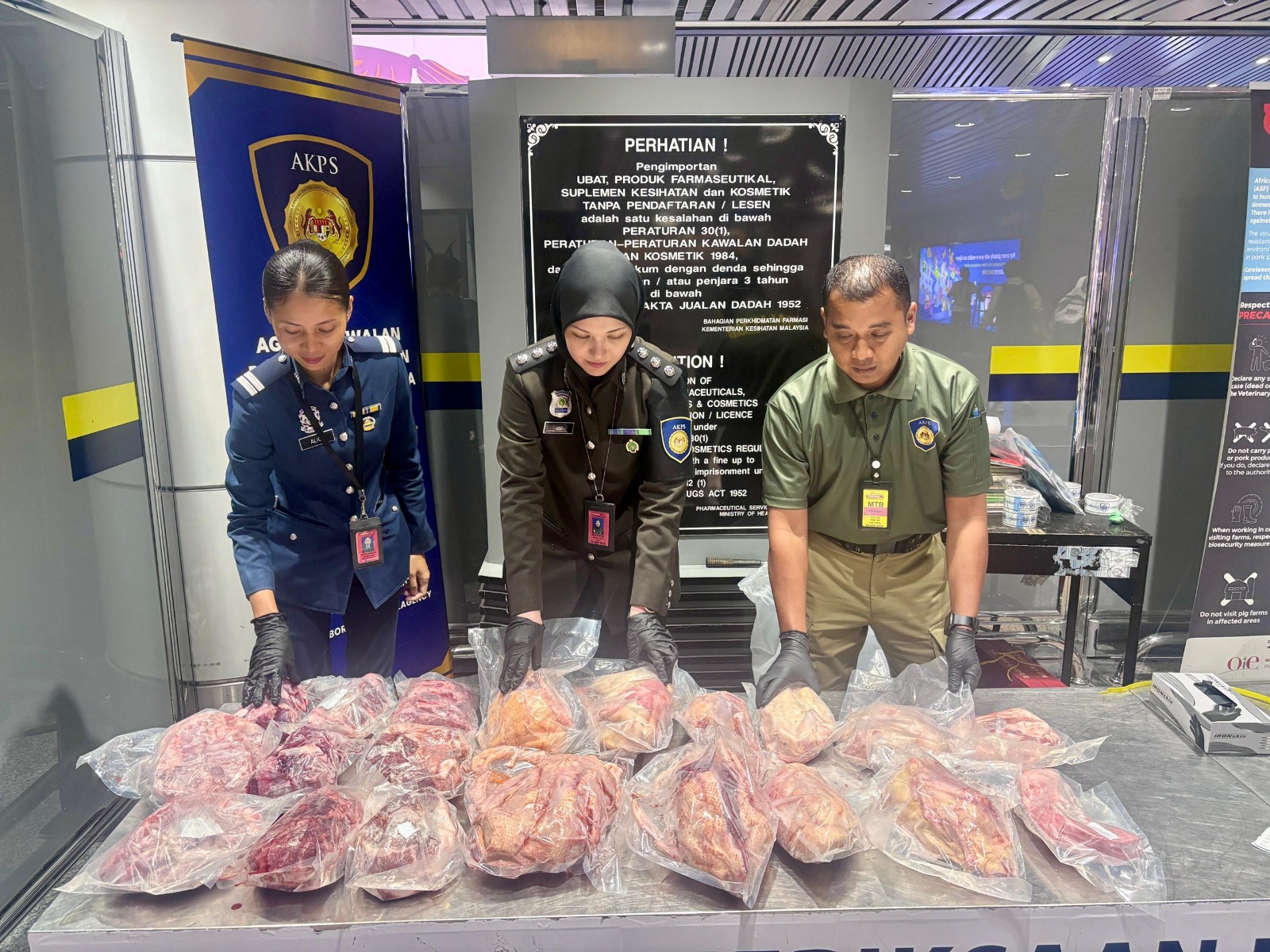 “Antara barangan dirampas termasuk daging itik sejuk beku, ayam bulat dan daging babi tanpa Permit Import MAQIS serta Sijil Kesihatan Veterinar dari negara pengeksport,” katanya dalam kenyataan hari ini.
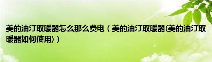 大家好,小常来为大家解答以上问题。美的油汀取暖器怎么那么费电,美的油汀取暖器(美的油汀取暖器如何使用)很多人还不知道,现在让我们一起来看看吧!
--------------------------------------------------
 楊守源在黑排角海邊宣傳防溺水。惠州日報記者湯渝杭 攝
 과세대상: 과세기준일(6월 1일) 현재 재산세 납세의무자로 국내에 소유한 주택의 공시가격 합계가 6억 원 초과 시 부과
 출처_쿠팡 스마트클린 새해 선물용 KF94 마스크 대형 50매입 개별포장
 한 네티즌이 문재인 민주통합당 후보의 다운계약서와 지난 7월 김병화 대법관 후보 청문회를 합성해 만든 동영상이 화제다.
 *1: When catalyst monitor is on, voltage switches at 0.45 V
--------------------------------------------------
Beginning at the line with "楊守源在黑排角海邊宣傳防溺水。惠州日報記者湯渝杭 攝" and stopping after the line with "switches at 0.45 V", please write out every line of the data above exactly and nothing else.

■ Task solution:
 楊守源在黑排角海邊宣傳防溺水。惠州日報記者湯渝杭 攝
 과세대상: 과세기준일(6월 1일) 현재 재산세 납세의무자로 국내에 소유한 주택의 공시가격 합계가 6억 원 초과 시 부과
 출처_쿠팡 스마트클린 새해 선물용 KF94 마스크 대형 50매입 개별포장
 한 네티즌이 문재인 민주통합당 후보의 다운계약서와 지난 7월 김병화 대법관 후보 청문회를 합성해 만든 동영상이 화제다.
 *1: When catalyst monitor is on, voltage switches at 0.45 V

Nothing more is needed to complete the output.